The text was updated successfully, but these errors were encountered:

mhmxs · 2023-01-25T17:57:57Z

/sig node

k8s-ci-robot · 2023-01-25T17:57:58Z

This issue is currently awaiting triage.

If a SIG or subproject determines this is a relevant issue, they will accept it by applying the triage/accepted label and provide further guidance.

The triage/accepted label can be added by org members by writing /triage accepted in a comment.

Instructions for interacting with me using PR comments are available here. If you have questions or suggestions related to my behavior, please file an issue against the kubernetes/test-infra repository.

MathurUtkarsh · 2023-01-26T17:23:28Z

assign this issue to me.

mhmxs · 2023-01-26T19:46:38Z

@MathurUtkarsh I'm glad to fix this (based on your instructions) if you think it makes sense for the community.

BenTheElder · 2023-01-27T07:01:25Z

local-up-cluster is meant to be a minimum viable tool for a single-node cluster on the current host, as opposed to being kubeadm compatible (for which you should use kubeadm init?)

I don't think you need to change the pod CIDR to use kubeadm, you can configure kubeadm to match instead?

cc @dims

BenTheElder · 2023-01-27T07:01:38Z

/remove-sig node
/sig cluster-lifecycle

mhmxs · 2023-01-27T09:59:37Z

@BenTheElder I can understand the scope is limited of this local cluster. But on the other hand, these two lines --enable-bootstrap-token-auth (we can make it optional) and clusterCIDR: ${CLUSTER_CIDR} (this one doesn't make any significant change) allow me to join any number of nodes via kubeadm join.

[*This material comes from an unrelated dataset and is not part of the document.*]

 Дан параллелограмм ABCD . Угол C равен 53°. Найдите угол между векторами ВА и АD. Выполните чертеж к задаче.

The end result is I'm able to test any Kubernetes code change on a multi-node (virtualized) Kubernetes cluster in 5-6 minutes. My flow is the following:

change code
run make all WHAT=x,y only once on my dev machine
execute local-run-cluster.sh on master node
generate join token
start kubelet, kube-proxy on worker nodes

I think this is the fastest way of Kubernetes development. In summary: small change, huge benefit :)

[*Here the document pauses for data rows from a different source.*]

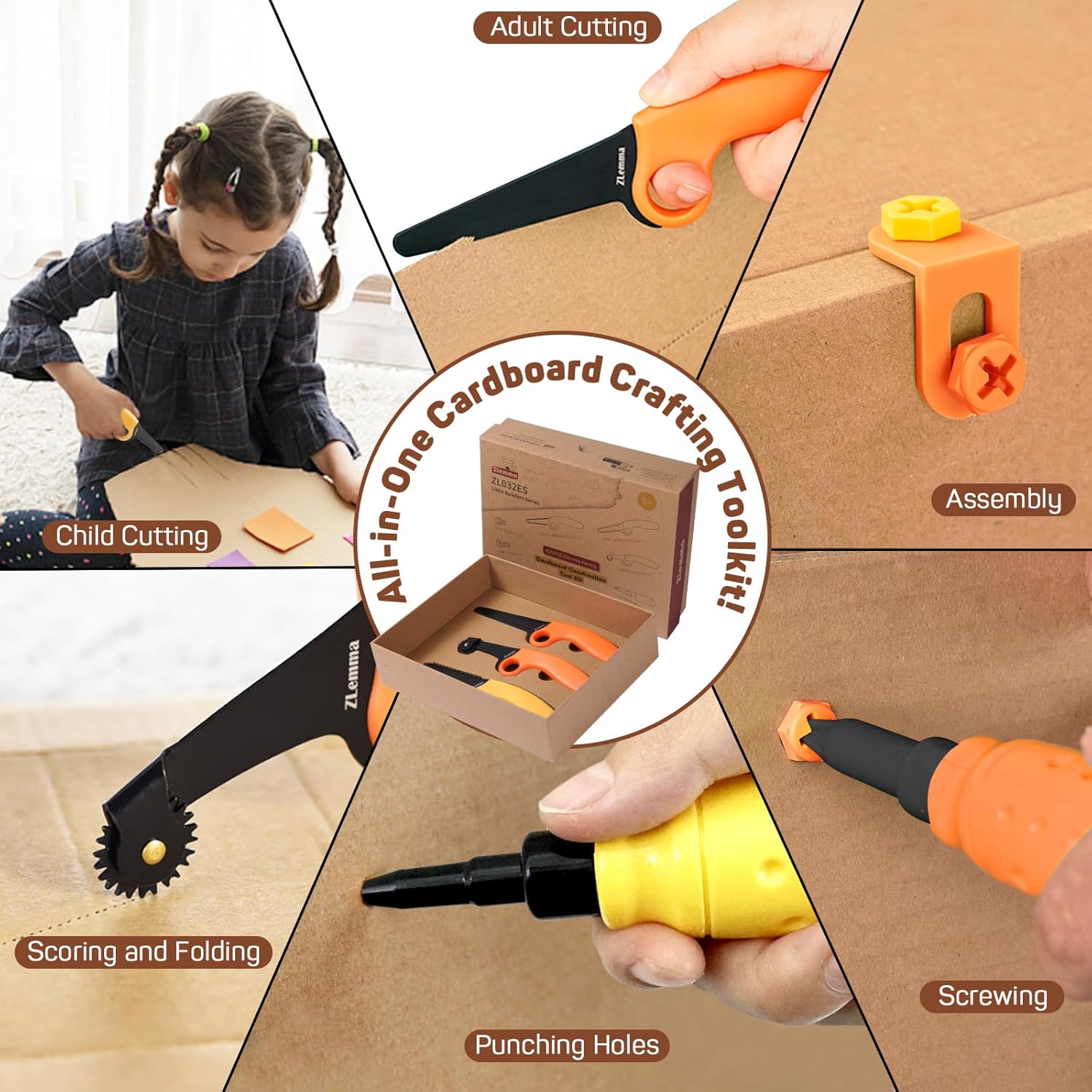 - 【Comprehensive 425-Piece Craft Tool Set】 Includes 7.5-inch and 6.2-inch safe cardboard cutter, a scoring wheel, a safe bamboo holepunch, and a safe screwdriver, covering all aspects of cardboard crafting. It offers a comprehensive solution for creating projects like cardboard castles and corrugated cat forts efficiently.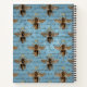 Big brown honey bees with gold crowns are in front of a beautiful vintage blue background with writing.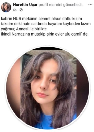 Uçar, henüz 15 yaşındayken hayatını kaybeden kızı Yağmur Uçar’ın fotoğrafını paylaşarak, “Kabrin nur mekânın cennet olsun ‘datlu kızım.’ Taksim’deki hain saldırıda hayatını kaybeden kızım Yağmur, annesi ile birlikte ikindi namazına mutakip Şirinevler Ulu Camii’nde” ifadelerini kullandı.

I agree that I don't have to change pod CIDR, except I would like to test some network features where I have to change the pod CIDR. It isn't a game changer but makes things easier.

@cc @dims

dims · 2023-01-27T12:06:41Z

@mhmxs please go ahead and file a PR, if you can add a small markdown doc as well about this flow, let's see how that looks and decide? (yes, +1 to really small changes to local-up-cluster)

mhmxs · 2023-01-27T13:50:00Z

@dims Let's first describe my env here to have a better understanding of how I solved all the issues around the multi-node setup.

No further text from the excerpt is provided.